The CNX Nifty is currently trading at 10361.45, up by 1.05 points or 0.01% after trading in a range of 10349.60 and 10426.10. There were 19 stocks advancing against 31 stocks declining on the index.

The top gainers on Nifty were Tech Mahindra up by 3.40%, HCL Tech up by 2.65%, TCS up by 1.78%, Dr. Redd’ys Lab up by 1.28% and Eicher Motors up by 1.12%.

On the flip side, Sun Pharma down by 4.17%, Hindalco down by 3.74%, BPCL down by 2.48%, Bajaj Finance down by 2.35% and Vedanta down by 1.92% were the top losers.

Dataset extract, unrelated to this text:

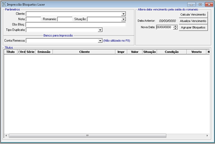 Menu: Faturamento > Impressões > Impessão Bloquetos Laser. Realizar a busca do boleto através dos filtros da tela de impressão: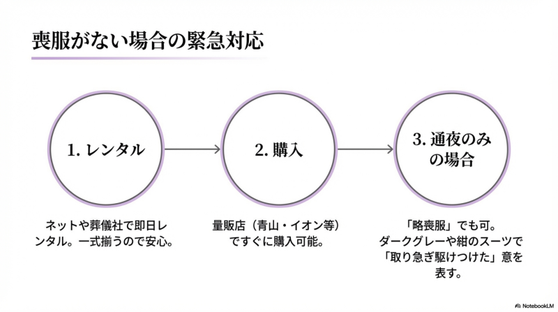 喪服を持っていない場合は、レンタルサービスや当日購入も選択肢となります。急な葬儀でも対応できるよう、事前に準備しておくと安心です。

The Asian markets were trading mostly in green; Nikkei 225 increased 1.92 points or 0.01% to 21,927.02, FTSE Bursa Malaysia KLCI increased 2.35 points or 0.13% to 1,858.34, KOSPI Index increased 11.36 points or 0.47% to 2,426.48, Taiwan Weighted increased 284.77 points or 2.73% to 10,705.86 and Hang Seng increased 297.63 points or 0.96% to 31,171.26.

On the other hand, Jakarta Composite decreased 20.32 points or 0.3% to 6,642.56.

Shanghai Stock Exchange was closed on account of National holiday.